Your instructions: Required from the data below: the exact lines starting at the line containing "2、EB-4倒退1249天,非技术劳工前进92天,宗教人士倒退1249天。" and ending at the line containing "This button down", with both ends kept and all pictures dropped.

Information:
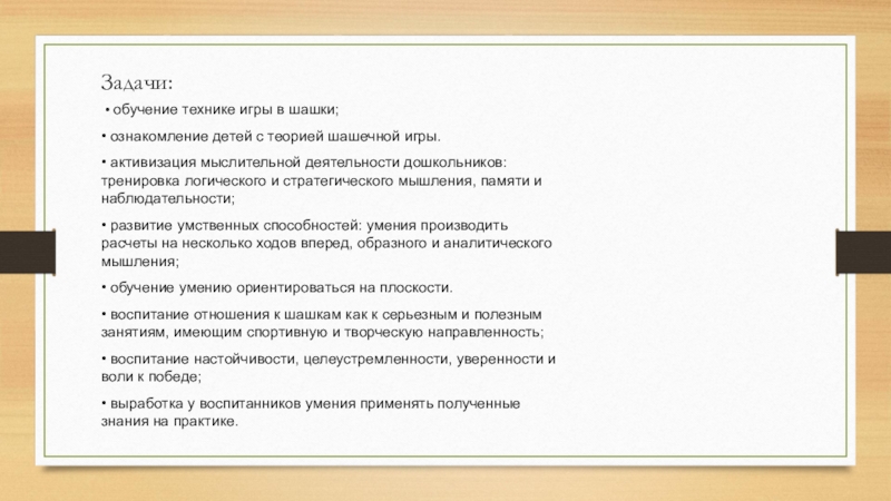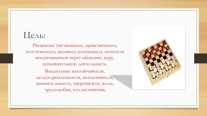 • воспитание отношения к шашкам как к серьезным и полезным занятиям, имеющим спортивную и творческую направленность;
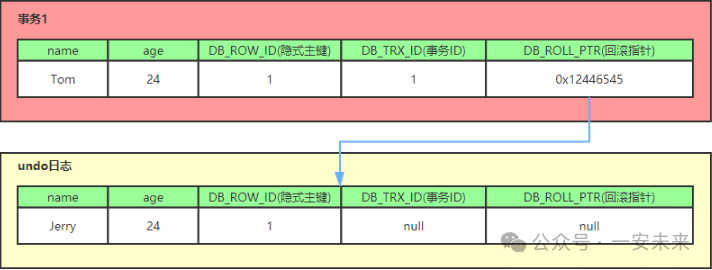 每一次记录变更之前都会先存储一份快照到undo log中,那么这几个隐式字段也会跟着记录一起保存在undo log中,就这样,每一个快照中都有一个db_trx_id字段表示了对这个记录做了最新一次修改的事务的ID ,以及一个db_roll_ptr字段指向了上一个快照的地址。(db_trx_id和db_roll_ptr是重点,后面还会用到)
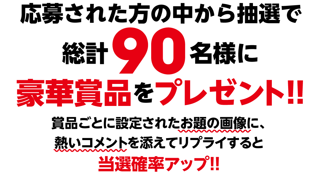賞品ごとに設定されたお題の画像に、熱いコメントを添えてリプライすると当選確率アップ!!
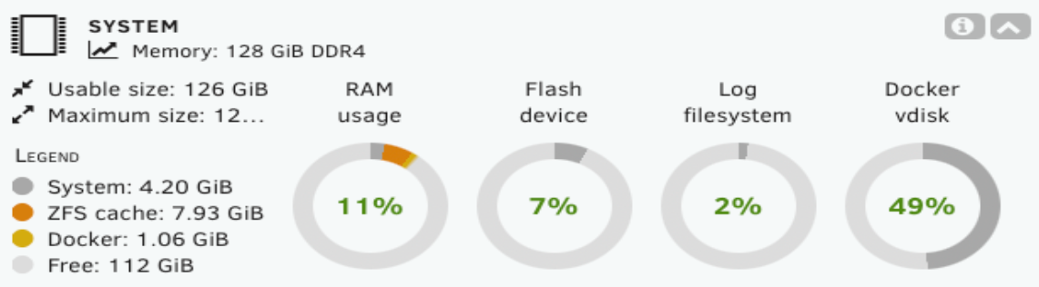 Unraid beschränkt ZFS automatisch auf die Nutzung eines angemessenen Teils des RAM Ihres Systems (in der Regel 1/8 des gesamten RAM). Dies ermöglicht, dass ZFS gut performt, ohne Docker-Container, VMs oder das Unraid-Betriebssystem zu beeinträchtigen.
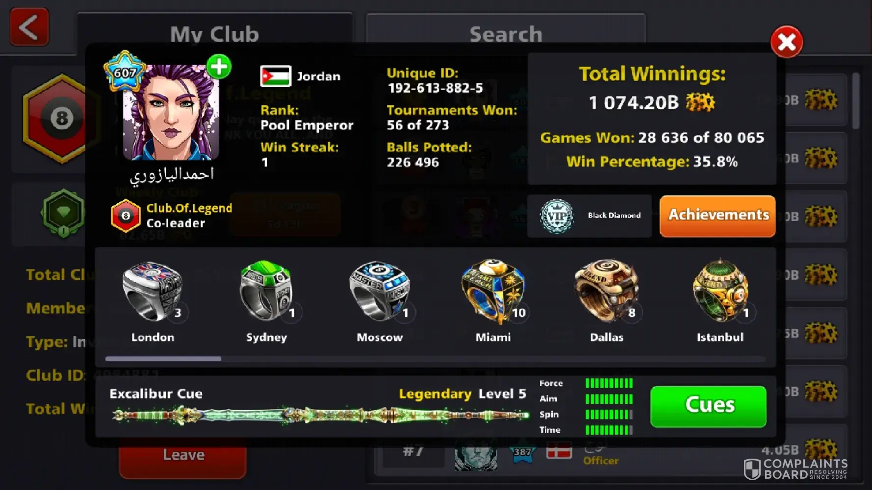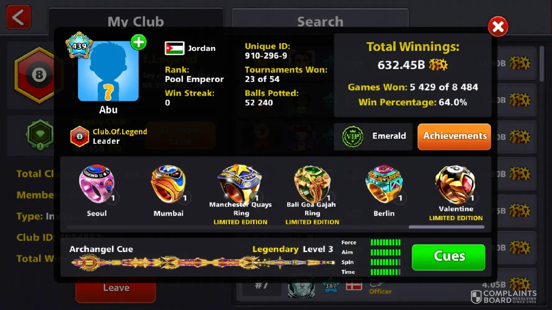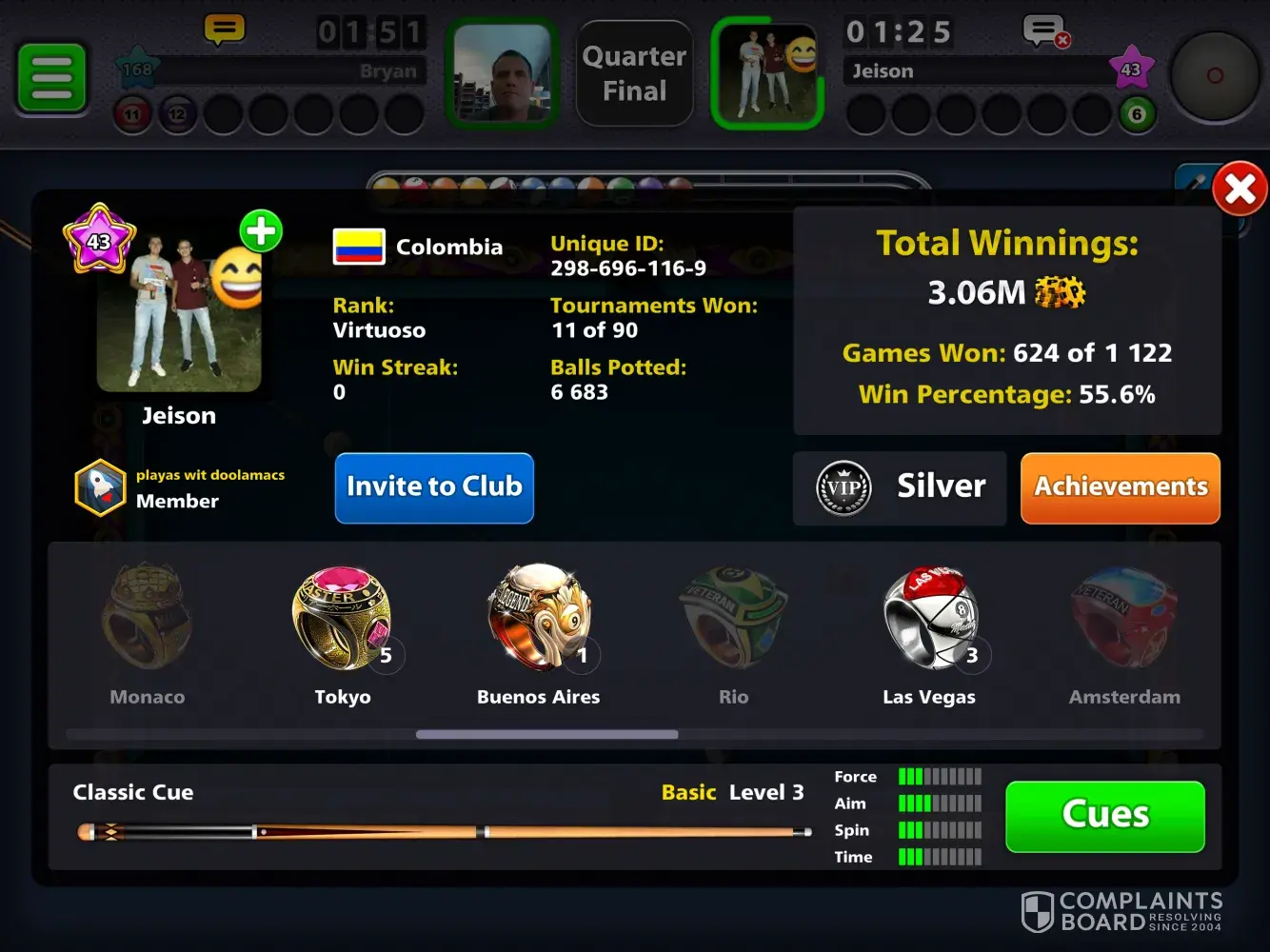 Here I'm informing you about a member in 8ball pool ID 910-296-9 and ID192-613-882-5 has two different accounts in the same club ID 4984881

* * *

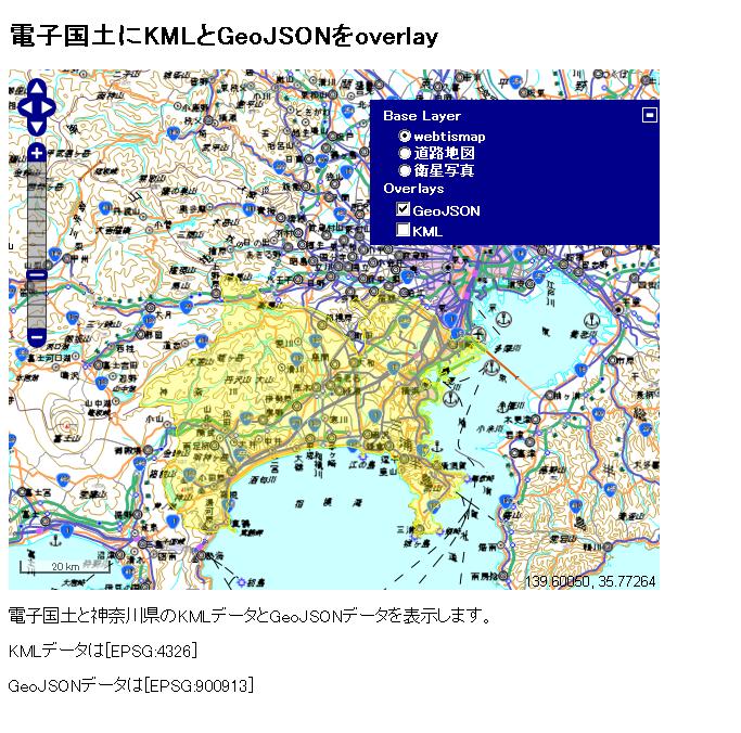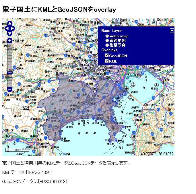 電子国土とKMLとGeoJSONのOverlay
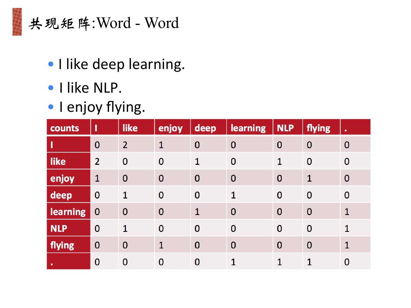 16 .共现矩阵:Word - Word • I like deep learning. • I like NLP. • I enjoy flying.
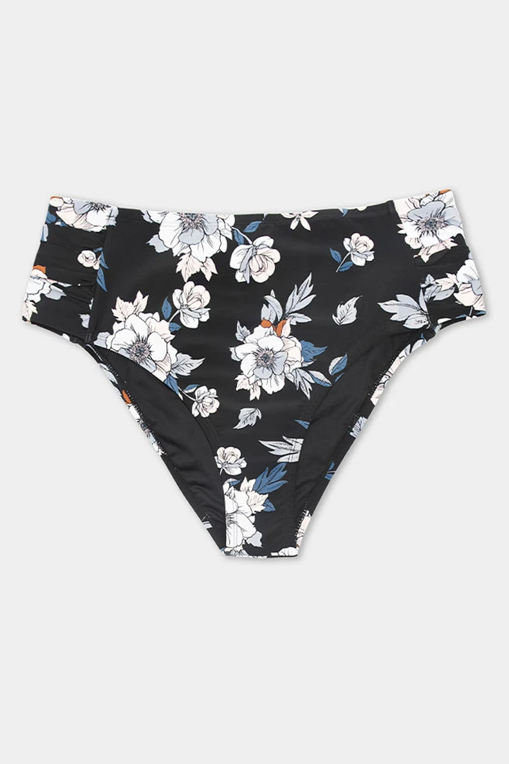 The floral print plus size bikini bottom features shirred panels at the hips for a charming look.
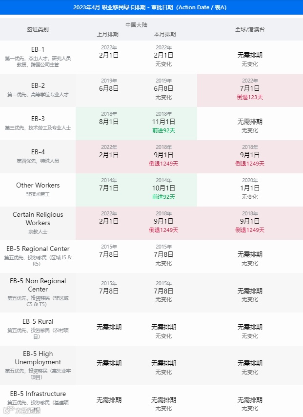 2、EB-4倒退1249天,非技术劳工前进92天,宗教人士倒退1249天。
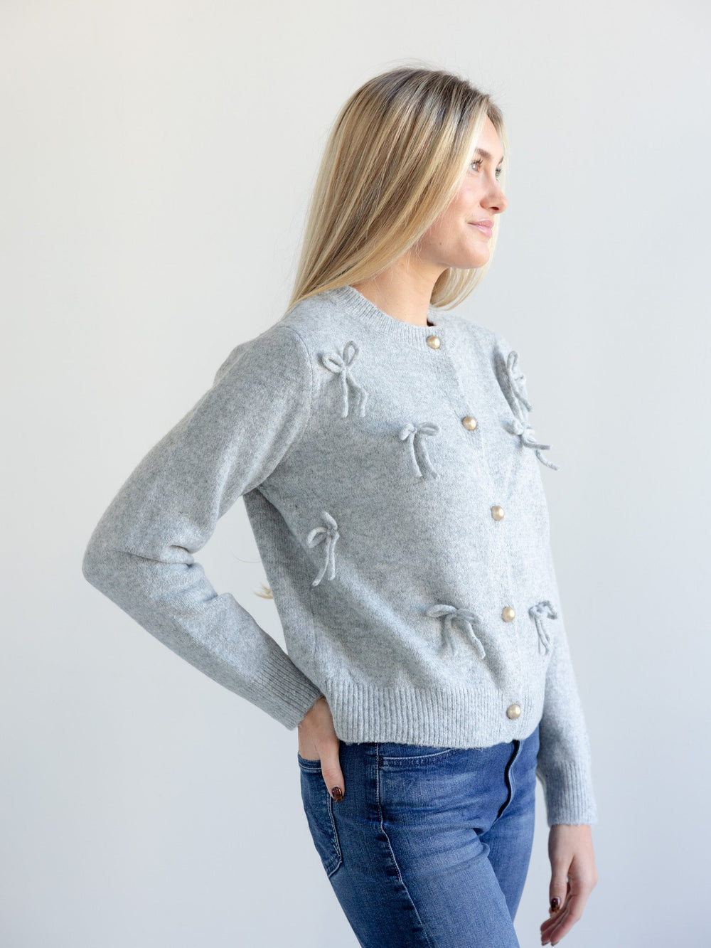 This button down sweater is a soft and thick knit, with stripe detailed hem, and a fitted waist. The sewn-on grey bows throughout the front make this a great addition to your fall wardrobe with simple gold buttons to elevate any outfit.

Answer to the problem:
 2、EB-4倒退1249天,非技术劳工前进92天,宗教人士倒退1249天。
 This button down sweater is a soft and thick knit, with stripe detailed hem, and a fitted waist. The sewn-on grey bows throughout the front make this a great addition to your fall wardrobe with simple gold buttons to elevate any outfit.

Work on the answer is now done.